Im gesellschaftlichen Diskurs zum Gaza-Krieg fehlen spürbar die Stimmen der Vertreter:innen der drei Abrahamitischen Religionen, meinen Edward van Voolen, Rabbiner aus Berlin, Esnaf Begić, Imam und islamischer Theologe aus Osnabrück und Heinz-Günther Schöttler, katholischer Theologe aus Regensburg.

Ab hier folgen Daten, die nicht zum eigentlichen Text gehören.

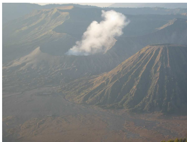
Vi kom op på kanten, og så hvorfra det dampede og osede

Vi kom op på kanten, og så ned i selve krateret, hvorfra det dampede og osede op. Ret fantastisk.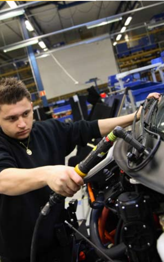
Meneillään tuulilasinyyhkijöiden asennus.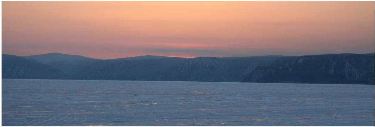
Zonsondergang aan het Baikalmeeer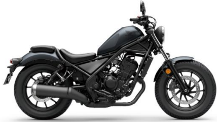
車体色: マットディムグレーメタリック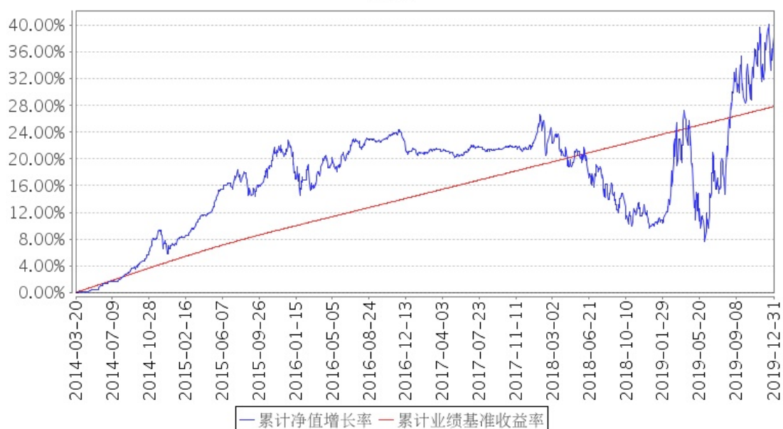
招商丰盛稳定增长混合A累计净值增长率与同期业绩比较基准收益率的历史走势对比图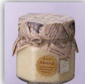
「姫路アーモンドバター」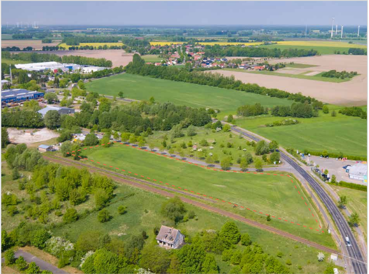
Baufeld 23 - Luftbild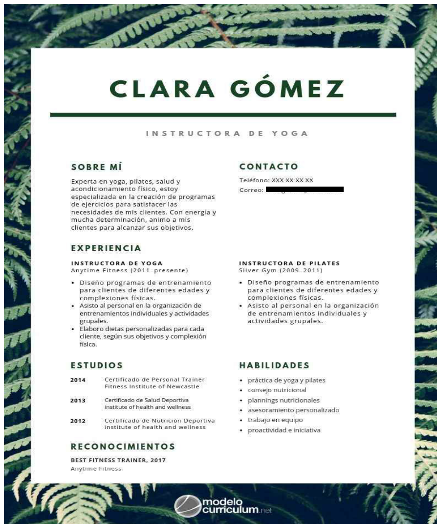
Figura 4. Ejemplo de Currículum vitae mixto.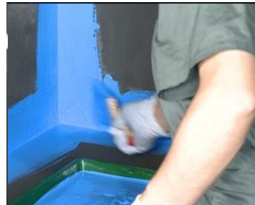
图 3.2.2 阴角预处理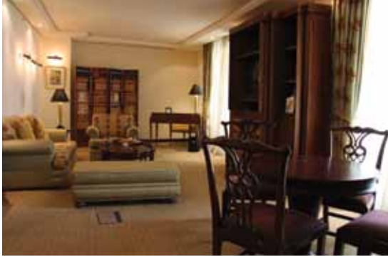
الشكل (٢-١٢): السطوح الخشبية.

واسع في تصنيع الأثاث، لانخفاض سعرها وسهولة الحصول عليها، وسهولة تشكيلها، وصلقلها، وهي متوافرة بمقاسات مختلفة وعديدة، ومن أمثلتها خشب السويد. أما لأخشاب الصلبة فيصنع منها الأثاث الفخم الذي يحتاج صنعه إلى مهارة عالية، وإلى أيدي ماهرة من أجل تشكيله، ويمتاز بارتفاع سعره، ومن أمثلتها: خشب الجوز، والبلوط.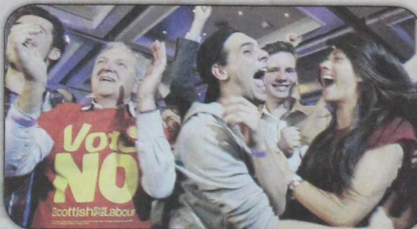
اسكتلنديون يحتفلون بنتيجة الاستفتاء الرافضة للاستقلال والبقاء ضمن بريطانيا العظمى تحت شعار، الأفضل معاً، (أ ف ب- ١٩ سبتمبر)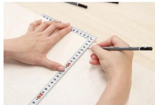
画像は、商品の使用イメージです。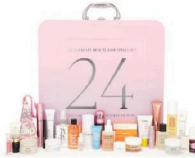
Рис.5 Revolve Beauty 2024 Advent Calendar

Проведений аналіз дав можливість уточнити сегментування адвент-календарів відповідно до трьох основних цінових категорій, що відповідають особливостям запропонованого дизайну і представникам цільової аудиторії: економ-сегмент (вартість до $30): бюджетні варіанти для користування всієї сім'єю з традиційним вмістом (міні-іграшками, паперовими новорічними прикрасами, солодощами тощо); middle-сегмент (вартість $30-$100): набори для молоді, сімей з дітьми, з тематичним наповненням (косметикою, іграшками, високоякісним шоколадом, цукерками, креативними дрібничками тощо); преміум-сегмент (вартість $100 і вище): адвент-календарі для колекціонерів, споживачів ексклюзивних товарів з акцентом на розкіш, високу якість та унікальність.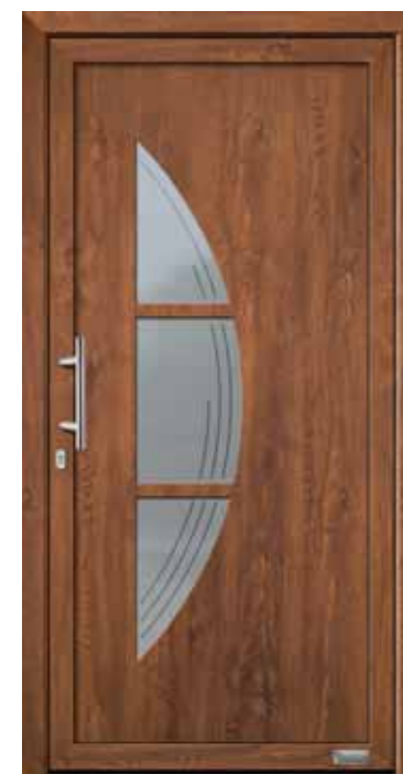
Haustürmodell „Juno 4“, mit Edelstahlgriff „Maike“ 330 mm lang, Glas „Equador“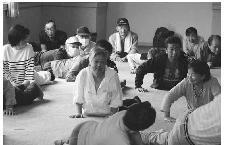
笑顔があふれる会場

また「太ももの筋肉は、歩行時に使われる場所、歳を取って弱ると歩けなくなるので、柔軟運動やもも上げをして鍛えておきましょう」とのことでした。たつぷりとしごかれましたが、終わればあつと言いつつ皆さんもやり切った笑顔がのぞかれました。終了後はお弁当と参加賞、入館券をもらって解散しました。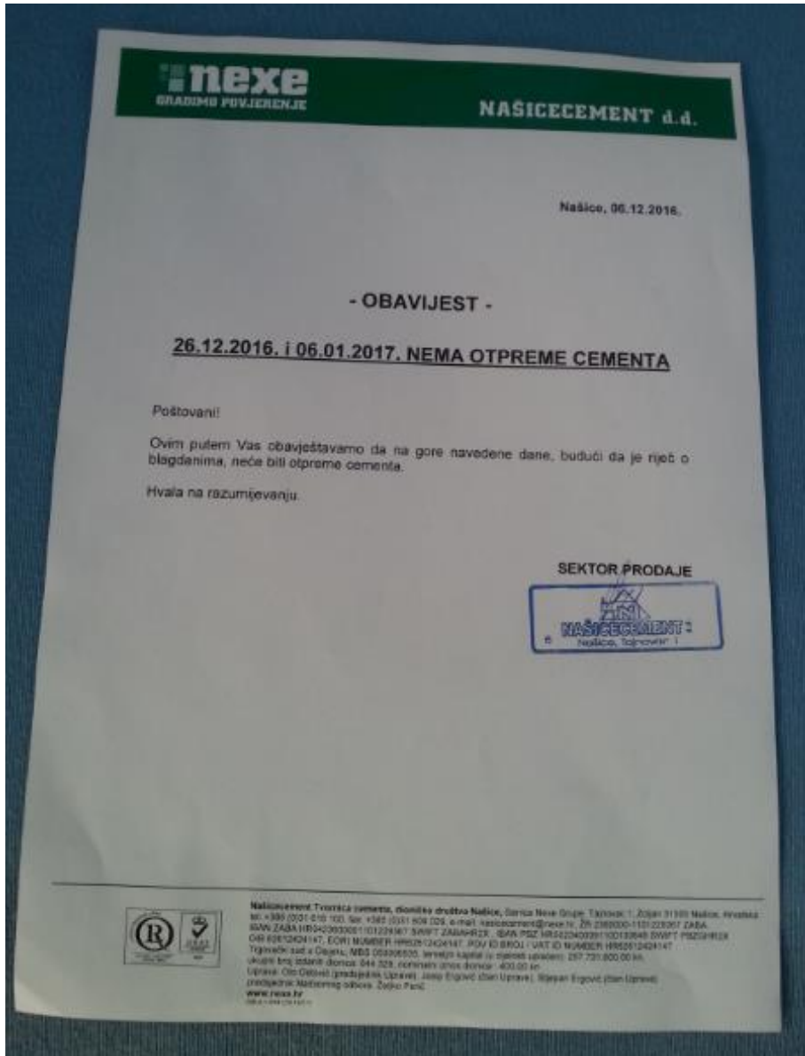
Slika 29. Memorandum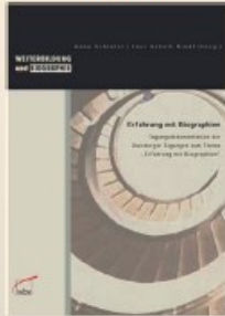
Anne Schlüter/Ines Schell-Kiehl (Hrsg.): Erfahrung mit Biographien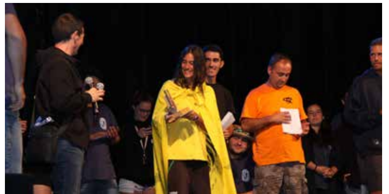
La Juguesca: Veredict de La Juguesca.

La Festa Major 2017 es va poder seguir a les xarxes socials amb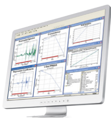
NIRCal® Software Développement de l'étalonnage chimiométrique

Seit dem Angriff der Terrororganisation Hamas auf Israel am 7. Oktober 2023 eskalieren kriegerische Auseinandersetzungen in Israel, Gaza, der Westbank und im Libanon – ein Alptraum für alle Betroffenen. Noch immer befinden sich noch etwa hundert der 251 Israelis in Geiselhaft in Gaza, viele von ihnen sind bereits getötet. Inzwischen gibt es mehr als 46.000 Todesopfer und 110.000 Verletzte in Gaza. 100.000 Israelis sowie Millionen Palästinenser:innen mussten aus den Kriegsgebieten fliehen, ebenso viele Libanes:innen. Die Gewalt im Westjordanland nimmt zu. Es wird jetzt verhandelt zwischen Israel und Hamas, aber das Verhältnis zwischen Israel und den Palästinenser:innen ist auf Generationen hin vergiftet.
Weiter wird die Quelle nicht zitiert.